[Dataset excerpts]
★ ★ ★ ★

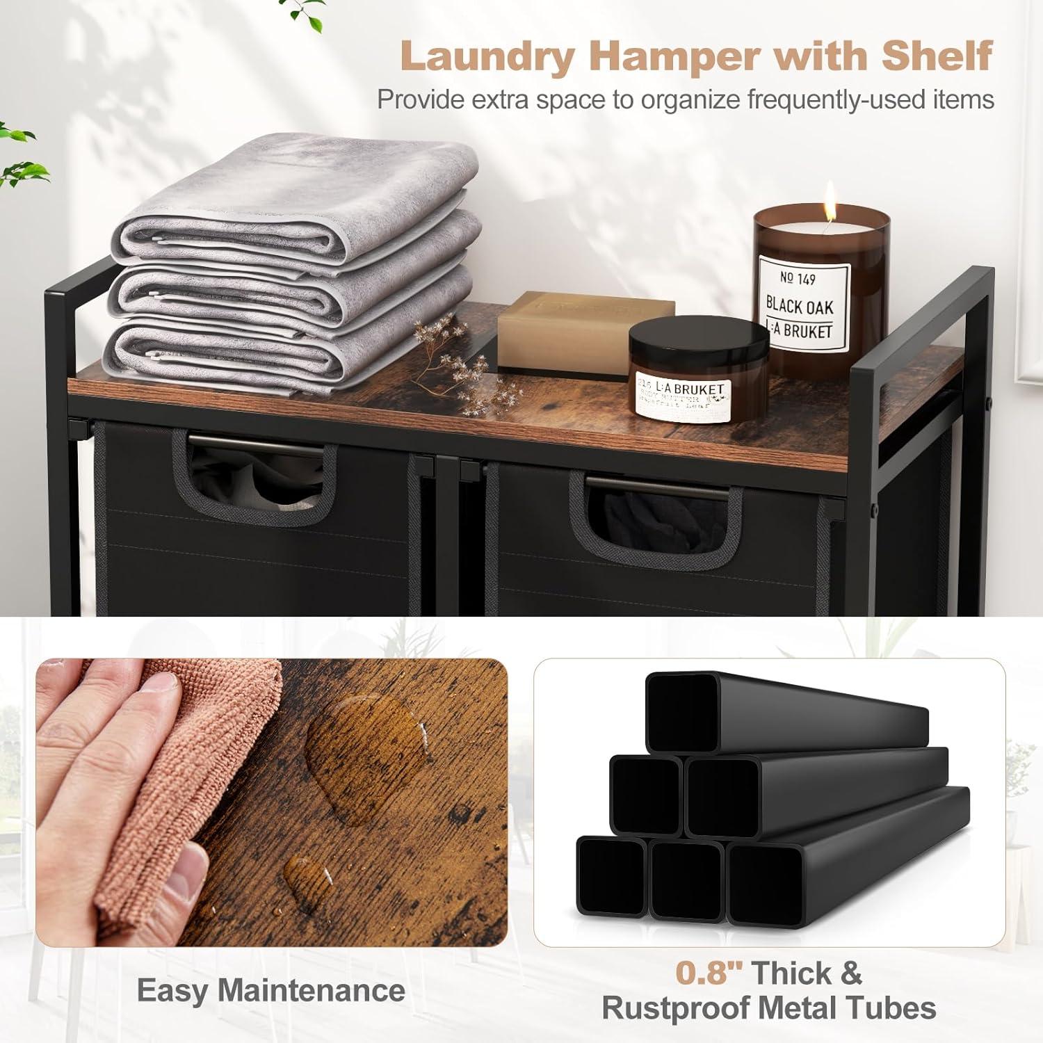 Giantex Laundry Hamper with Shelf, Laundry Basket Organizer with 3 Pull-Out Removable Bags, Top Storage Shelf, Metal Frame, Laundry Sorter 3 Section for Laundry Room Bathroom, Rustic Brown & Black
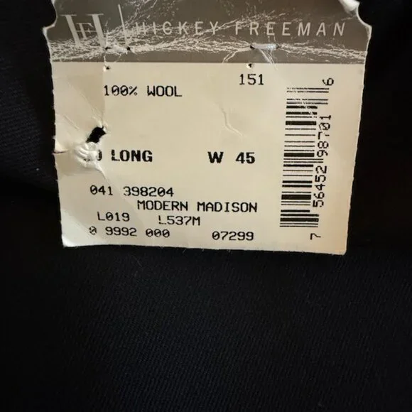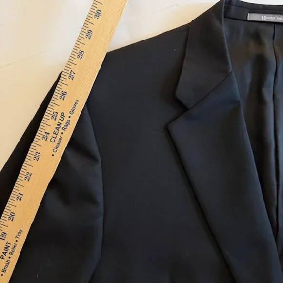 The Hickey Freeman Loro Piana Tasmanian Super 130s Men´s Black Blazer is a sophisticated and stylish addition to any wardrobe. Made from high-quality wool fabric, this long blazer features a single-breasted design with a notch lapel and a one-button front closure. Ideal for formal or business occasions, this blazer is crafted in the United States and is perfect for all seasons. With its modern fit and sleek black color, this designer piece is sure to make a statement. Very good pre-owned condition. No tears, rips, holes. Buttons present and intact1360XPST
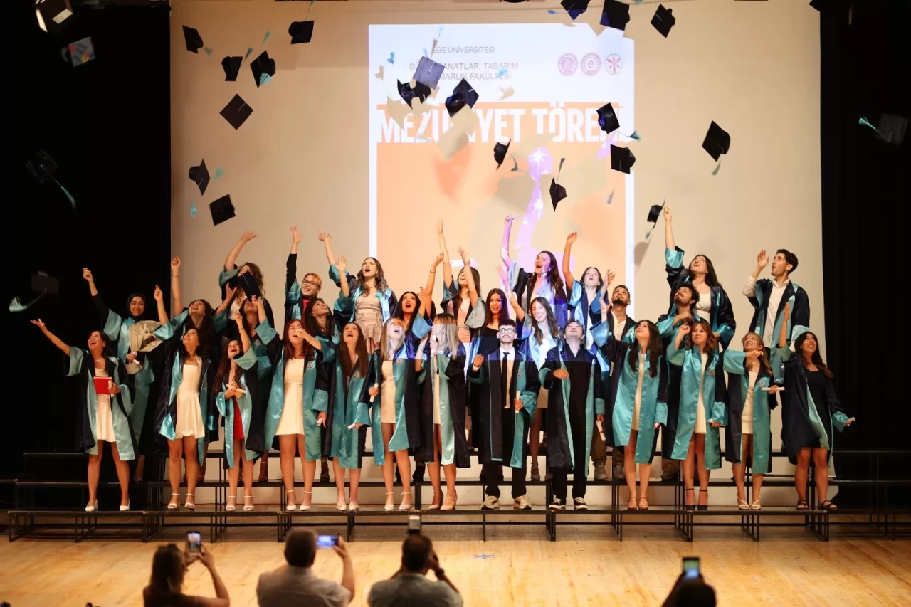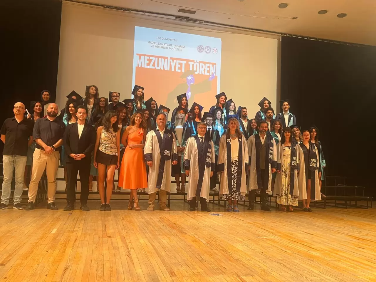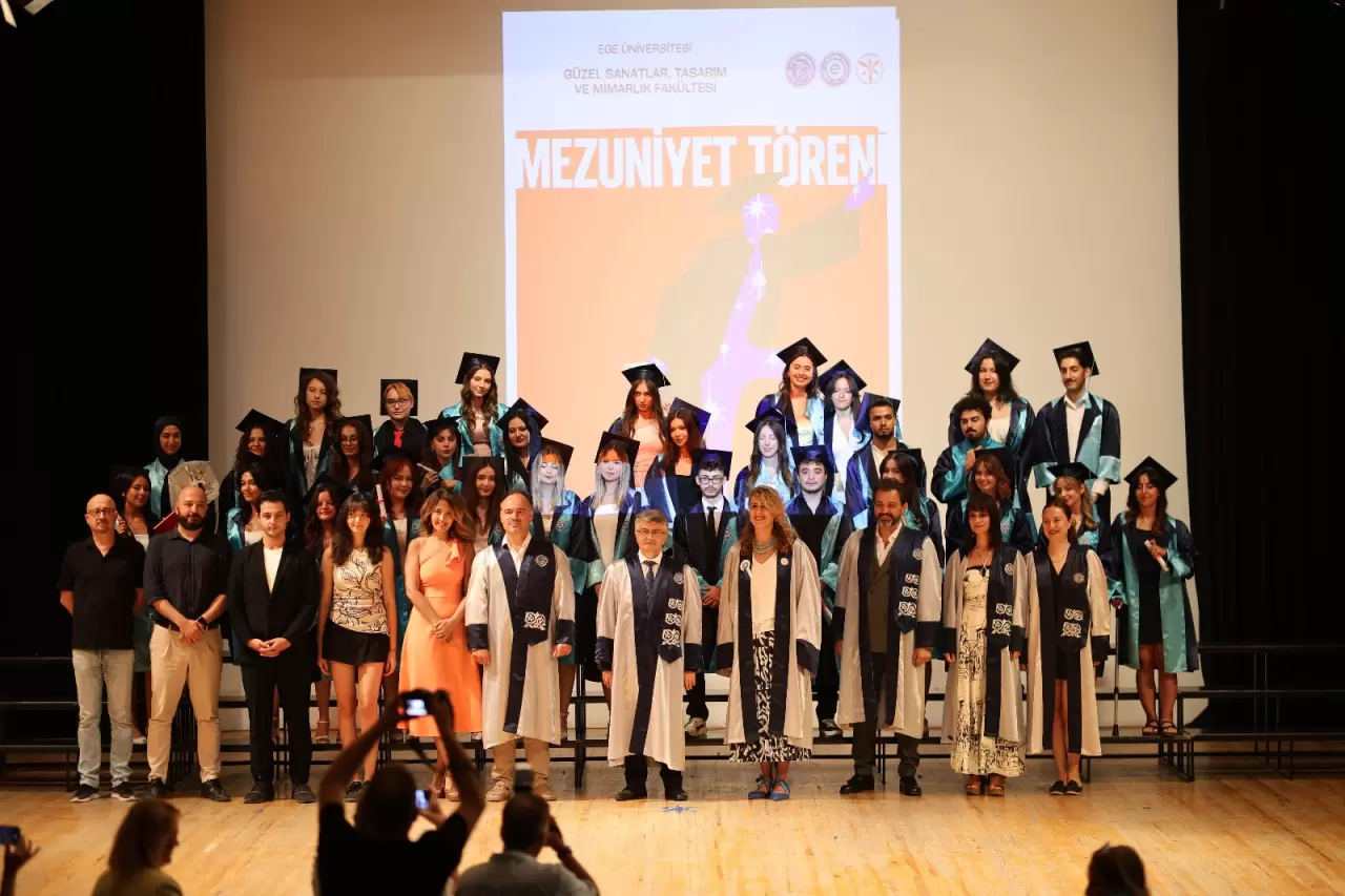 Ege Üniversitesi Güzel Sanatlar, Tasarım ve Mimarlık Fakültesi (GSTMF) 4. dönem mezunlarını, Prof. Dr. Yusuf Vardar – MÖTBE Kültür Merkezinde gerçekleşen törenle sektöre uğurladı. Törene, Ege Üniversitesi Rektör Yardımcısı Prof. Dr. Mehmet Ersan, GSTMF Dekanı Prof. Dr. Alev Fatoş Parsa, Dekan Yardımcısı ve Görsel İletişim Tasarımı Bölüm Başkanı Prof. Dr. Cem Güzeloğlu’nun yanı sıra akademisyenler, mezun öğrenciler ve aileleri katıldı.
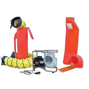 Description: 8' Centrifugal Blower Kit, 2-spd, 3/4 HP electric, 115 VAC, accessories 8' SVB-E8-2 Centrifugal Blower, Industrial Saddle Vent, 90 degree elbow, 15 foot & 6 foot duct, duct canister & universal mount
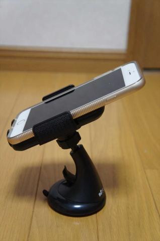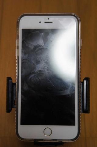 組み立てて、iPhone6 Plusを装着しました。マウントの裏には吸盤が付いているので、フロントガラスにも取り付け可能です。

★ ★ ★ ★

● **TASK TO CARRY OUT**
Reproduce every record verbatim, please. Omit the images.

● **TASK OUTPUT**
 Giantex Laundry Hamper with Shelf, Laundry Basket Organizer with 3 Pull-Out Removable Bags, Top Storage Shelf, Metal Frame, Laundry Sorter 3 Section for Laundry Room Bathroom, Rustic Brown & Black
 The Hickey Freeman Loro Piana Tasmanian Super 130s Men´s Black Blazer is a sophisticated and stylish addition to any wardrobe. Made from high-quality wool fabric, this long blazer features a single-breasted design with a notch lapel and a one-button front closure. Ideal for formal or business occasions, this blazer is crafted in the United States and is perfect for all seasons. With its modern fit and sleek black color, this designer piece is sure to make a statement. Very good pre-owned condition. No tears, rips, holes. Buttons present and intact1360XPST
 Ege Üniversitesi Güzel Sanatlar, Tasarım ve Mimarlık Fakültesi (GSTMF) 4. dönem mezunlarını, Prof. Dr. Yusuf Vardar – MÖTBE Kültür Merkezinde gerçekleşen törenle sektöre uğurladı. Törene, Ege Üniversitesi Rektör Yardımcısı Prof. Dr. Mehmet Ersan, GSTMF Dekanı Prof. Dr. Alev Fatoş Parsa, Dekan Yardımcısı ve Görsel İletişim Tasarımı Bölüm Başkanı Prof. Dr. Cem Güzeloğlu’nun yanı sıra akademisyenler, mezun öğrenciler ve aileleri katıldı.
 Description: 8' Centrifugal Blower Kit, 2-spd, 3/4 HP electric, 115 VAC, accessories 8' SVB-E8-2 Centrifugal Blower, Industrial Saddle Vent, 90 degree elbow, 15 foot & 6 foot duct, duct canister & universal mount
 組み立てて、iPhone6 Plusを装着しました。マウントの裏には吸盤が付いているので、フロントガラスにも取り付け可能です。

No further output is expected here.